Now I have a sneaking suspicion that the line typedef Iterator<T> iterator either doesn't quite work like I think it should, or it is bad practice by concealing the fact that iterator is a template type. However, I don't get any obvious warnings from my compiler (mingw32-g++ 4.8.1) about that.

I'm compiling this using

$ mingw32-g++ -g -Wall -Werror -Wextra -pedantic -std=gnu++11 t.cpp

which gives me the error

t.hpp:60:33: error: specializing member 'LinkedList<T>::Iterator<T>::operator++' requires 'template<>' syntax
 typename LinkedList<T>::iterator& 
                                 ^

Okay, so I give it the template syntax there.

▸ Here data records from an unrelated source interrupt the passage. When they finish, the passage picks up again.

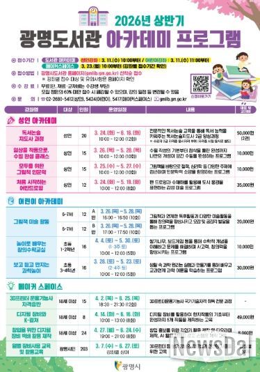 뉴스다 최광묵 기자 | 광명시 광명도서관은 시민의 평생학습 기회 확대와 독서문화 향유 기반 조성을 위해 ‘2026년 상반기 아카데미 프로그램’을 운영한다.
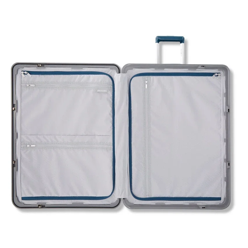 - destaca con un diseño sofisticado, funcionalidad moderna y una maleta ligera sin cremallera; tu Framelock Max rompe con el equipaje convencional al que la industria está acostumbrada. Su innovadora y duradera estructura ofrece un mecanismo Eazylock™ de alta seguridad, que se controla fácilmente mediante un tirador deslizante centralizado para bloquear y desbloquearla.
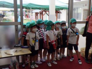 まずは、年長児が年少児や年中児を誘いに行きました。
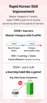 With FunPik, you can master Hangul in just 2 weeks, and with steady study, reach TOPIK Level 3 in 6 months.
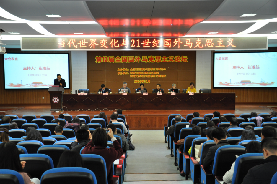 2018年11月17日至19日,以“当代世界变化与21世纪国外马克思主义”为会议主题的第13届全国“国外马克思主义论坛”在yl88858永利中国召开。会议由全国当代马克思主义研究会主办,yl88858永利中国、yl8858永利集团西方马克思主义研究所承办。来自中国社会科学院哲学所、中共中央党校、清华大学、北京大学、复旦大学、南京大学、武汉大学、中南财经政法大学、吉林大学、黑龙江大学、山西大学、中山大学、华南师范大学、山东农业大学、yl8858永利集团等50多所高校和科研机构的专家学者,以及《中国社会科学》、《哲学研究》、《马克思主义与现实》、《光明日报》、《国外社会科学》、《国外理论动态》、《求是学刊》、《理论视野》等近十家著名杂志社和人民出版社、天津人民出版社、重庆出版社等出版机构的编辑和记者,共计150余人出席会议。本次会议设置了开幕式、大会发言、分论坛讨论、分论坛汇报发言、闭幕式五个环节,1个主会场和4个分会场。
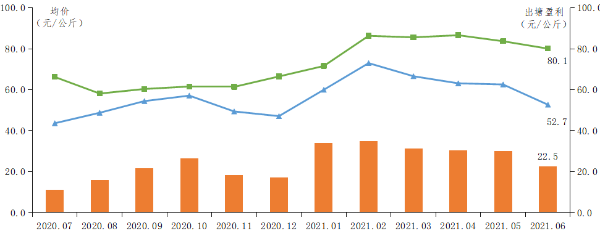 南美白对虾出塘均价下降。6月60条/公斤的南美白对虾出塘均价降至52.7元/公斤,环比下降15.8%,出塘成本为30.1元/公斤,环比下降7.3%,出塘盈利为22.5元/公斤,环比下降25.0%。
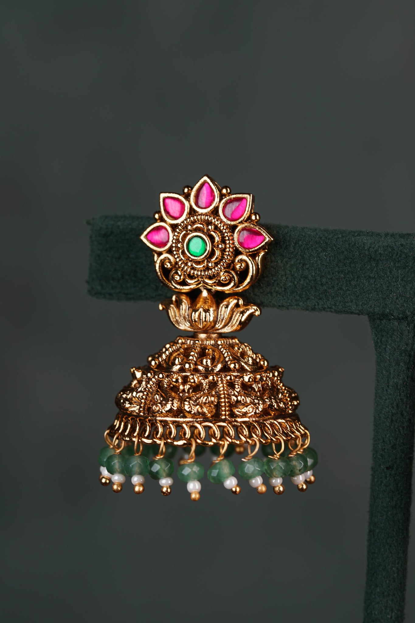 The Antique Kundan Jhumki (1-4568))(EX) is far and away, one of our most popular items. People can't seem to get enough of it.
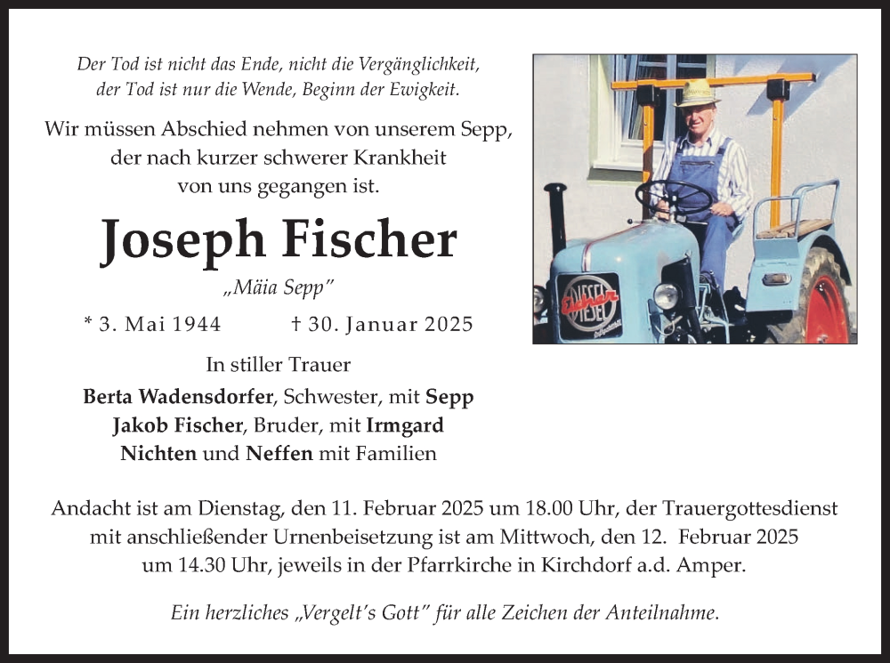 Hier finden Sie alle Traueranzeigen aus der Zeitung, die bisher für Joseph Fischer erschienen sind. Weitere Traueranzeigen, die in der Zeitung erscheinen, werden hier ebenfalls aufgelistet
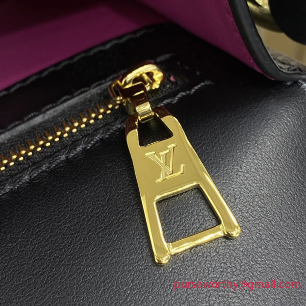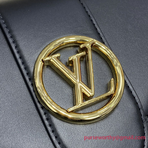 The structured yet curved lines of the LV Pont 9 handbag are fashioned from smooth leather. The LV Circle, a classic House signature reinterpreted by Nicolas Ghesquière, adorns the bag’s flap and the adjustable strap’s buckle. Hidden features such as a colored leather lining and Monogram Flower magnetic closure on the flap’s underside bring subtle sophistication.
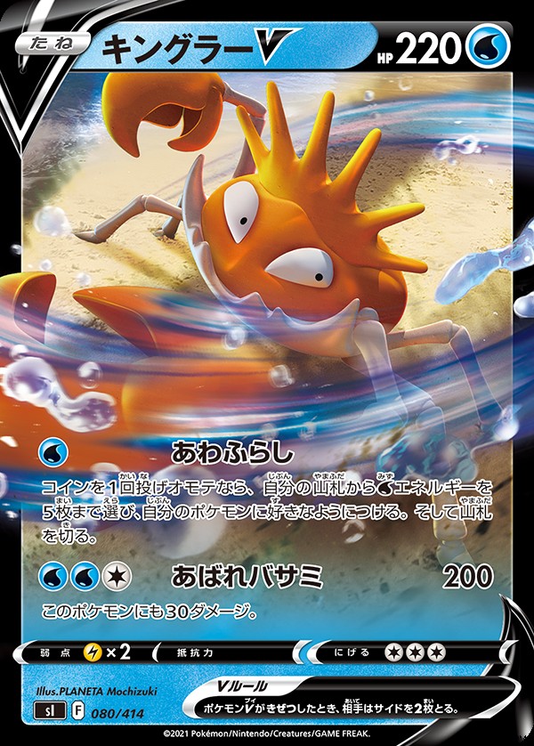 デッキ 081 に登場する 2 枚のカードは、Kingler の新しい V および Vmax バージョンです。このウォーター タイプのデッキは、Kingler VMax のキョダイ シザーズ ムーブで印象的なダメージを与えることができます。

template <typename T> inline
typename LinkedList<T>::iterator<T>& 
LinkedList<T>::iterator::operator++() { }

Where I then get the compilation error

t.hpp:60:25: error: non-template 'iterator' used as template
 typename LinkedList<T>::iterator<T>& 
                         ^  
t.hpp:60:25: note: use 'LinkedList<T>::template iterator' to indicate that it is a template

t.hpp:60:25: error: expected unqualified-id at end of input
                ^

Okay, so I use template

template <typename T> inline
typename LinkedList<T>::template iterator<T>& 
LinkedList<T>::iterator::operator++() { }

And get this error now

t.hpp:60:45: error: specializing member 'LinkedList<T>::Iterator<T>::operator++' requires 'template<>' syntax
 typename LinkedList<T>::template iterator<T>& 
                                             ^

Which is where I get stuck. I've read these questions

which seem to indicate that I need to put a template<> somewhere. I'm just not sure I understand where it should go.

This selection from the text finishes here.